* [Data provided]
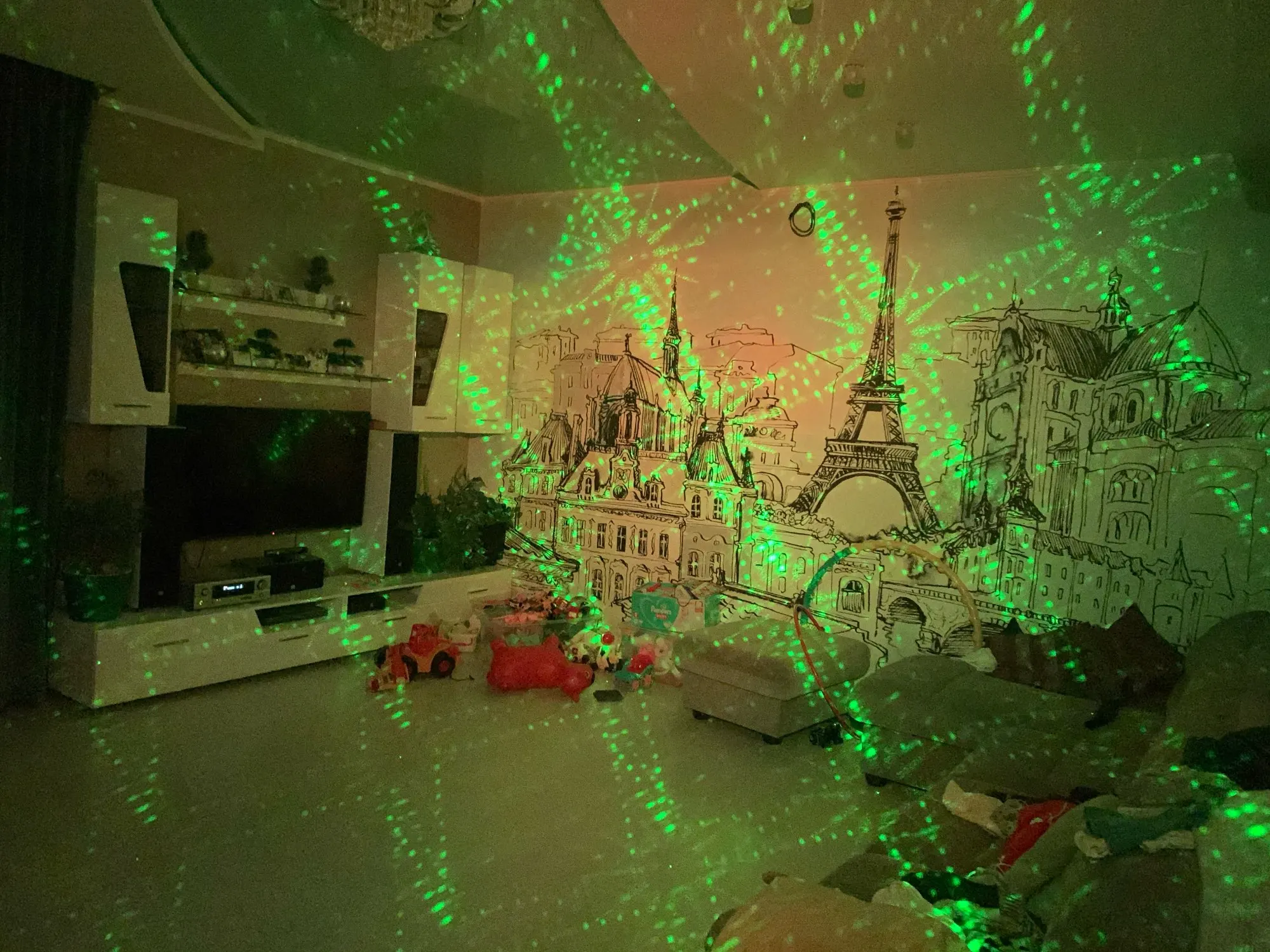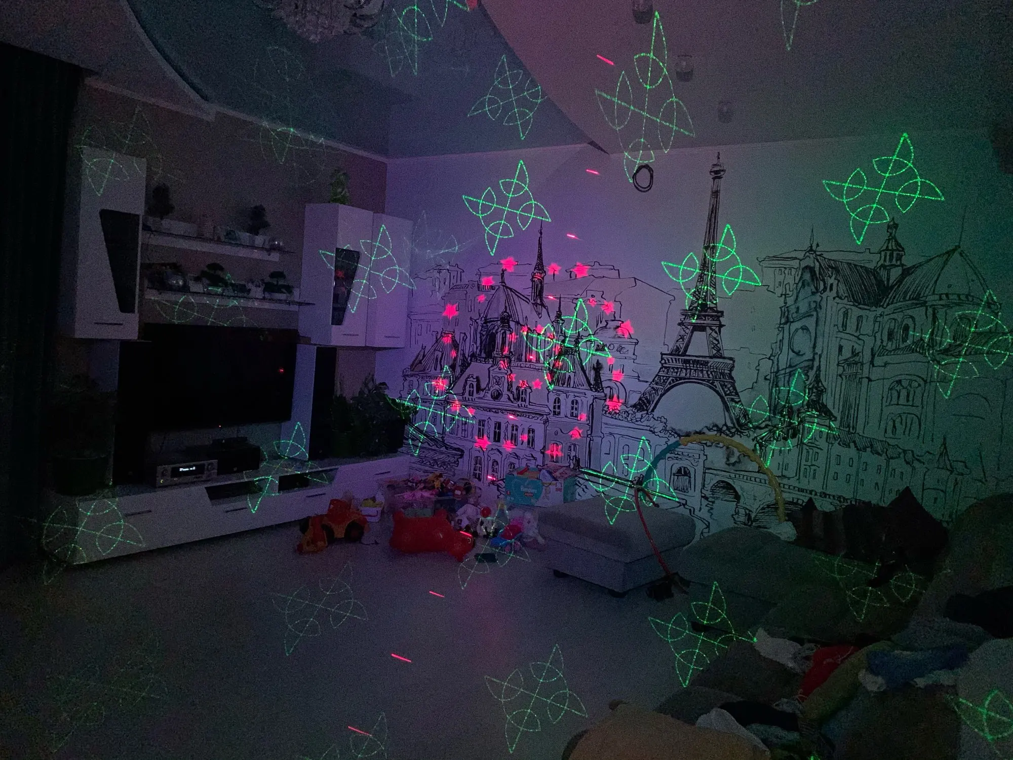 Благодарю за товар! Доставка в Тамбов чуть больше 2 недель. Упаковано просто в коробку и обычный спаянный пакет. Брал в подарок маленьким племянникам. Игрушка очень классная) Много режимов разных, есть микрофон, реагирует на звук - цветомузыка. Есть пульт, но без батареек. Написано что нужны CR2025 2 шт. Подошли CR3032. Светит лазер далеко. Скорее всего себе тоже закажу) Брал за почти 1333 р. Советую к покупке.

...

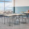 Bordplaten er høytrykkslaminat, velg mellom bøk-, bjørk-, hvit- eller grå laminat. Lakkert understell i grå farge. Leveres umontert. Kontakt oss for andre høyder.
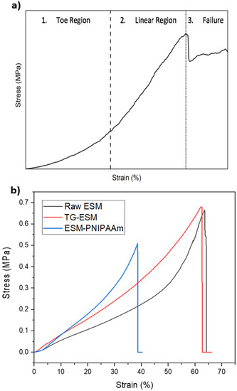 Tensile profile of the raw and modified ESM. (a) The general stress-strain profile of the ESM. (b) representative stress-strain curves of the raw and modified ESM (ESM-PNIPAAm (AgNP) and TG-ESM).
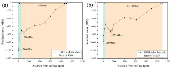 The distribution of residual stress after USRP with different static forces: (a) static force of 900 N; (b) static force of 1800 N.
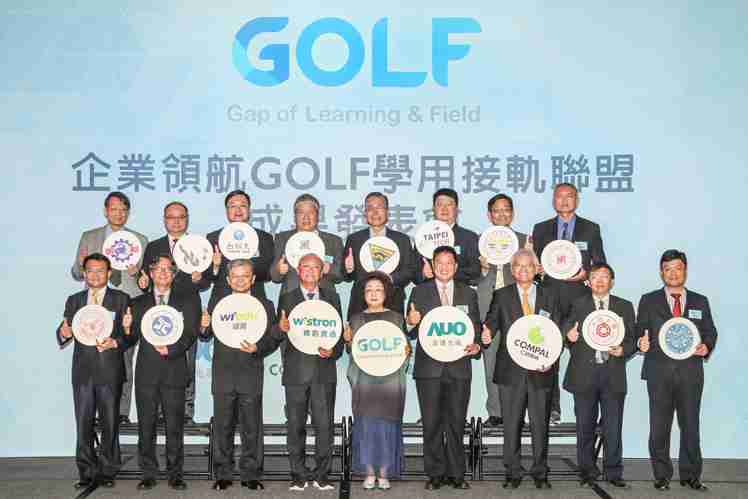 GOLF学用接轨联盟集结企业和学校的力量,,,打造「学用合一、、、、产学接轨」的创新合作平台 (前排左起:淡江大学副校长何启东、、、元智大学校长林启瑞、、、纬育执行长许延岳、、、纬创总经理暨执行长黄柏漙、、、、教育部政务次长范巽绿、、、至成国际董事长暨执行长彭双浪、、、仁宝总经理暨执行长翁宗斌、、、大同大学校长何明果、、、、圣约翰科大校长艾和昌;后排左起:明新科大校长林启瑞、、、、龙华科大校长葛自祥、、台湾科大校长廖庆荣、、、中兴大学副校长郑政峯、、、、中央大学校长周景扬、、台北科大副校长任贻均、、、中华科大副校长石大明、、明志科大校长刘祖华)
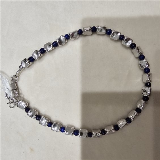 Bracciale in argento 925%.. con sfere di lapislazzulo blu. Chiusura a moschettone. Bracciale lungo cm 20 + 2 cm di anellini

* [Required action] Everything from the line above that contains "Bordplaten er høytrykkslaminat, velg" down to the line that contains "Tensile profile of" must be reproduced exactly, both ends included. Omit the pictures.

* [Result]
 Bordplaten er høytrykkslaminat, velg mellom bøk-, bjørk-, hvit- eller grå laminat. Lakkert understell i grå farge. Leveres umontert. Kontakt oss for andre høyder.
 Tensile profile of the raw and modified ESM. (a) The general stress-strain profile of the ESM. (b) representative stress-strain curves of the raw and modified ESM (ESM-PNIPAAm (AgNP) and TG-ESM).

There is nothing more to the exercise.